Why? “Because the president of Serbia invited me to stay and I don’t want to tell him ‘no,’” he said with a smile, wiping his hands together as if it were settled.

Mandy Patinkin Meets a talented new friend In Serbia. Video by International Rescue Committee

But there are not many good long-term options even for those who choose a life in Serbia. Of the 1,857 asylum applications submitted since 2013, only 83 were granted asylum or given another form of protected status. And with legal options for crossing borders greatly restricted over the past two years, many migrants risk violence, robbery and other horrors by seeking help from human traffickers and smugglers.

According to advocates, the Serbian government has greatly increased its ability to provide basic needs for migrants. In 2015, the country had five asylum centers with a capacity to house 800 people.

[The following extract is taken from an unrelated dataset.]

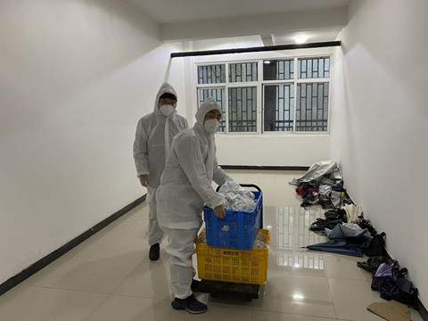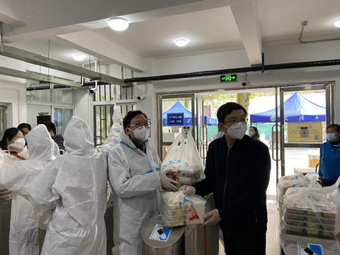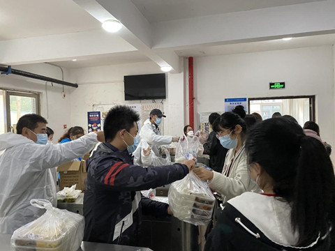 学校文理学部、信息学部、工学部学生宿舍实行静默管理,学生全部待在寝室,由学校组织送餐,海角社区 老师负责送往包保楼栋寝室。老师们不断调整工作方法、提高效率,仅20分钟分发完毕近3000份餐,保证同学们能吃到热气腾腾的饭菜。

Serbia now has 18 centers with a capacity of 6,000. But the institutional shift toward treating migrants as more than temporary has only just begun.

“As this crisis has become protracted and chronic, it’s now time to turn to secondary needs, to get more kids into schools, to support adults in skill trainings, informal education activities and job preparedness,” said Ms. Raikes of the International Rescue Committee.

The uncertainty faced by refugees has created enormous psychological burdens in addition to the trauma of war and fleeing across borders, experts said. More than 77 percent of the refugee population in Serbia have acute psychological problems, according to a 2017 study by the Psychosocial Innovation Network, an organization based in Belgrade.

“It’s exhausting and depressing,” said Farhad’s mother, Jamila Nouri, 27, smiling weakly. Even after eight months in Serbia, she said, “we still feel like we are traveling and in danger. We feel so nervous and tired of this life.”

But Farhad shows little signs of the ordeal his family has gone through. He says he wants to learn animation. “I don’t feel like I’m waiting,” he said. “I’m just thinking about the future of my family,” he said.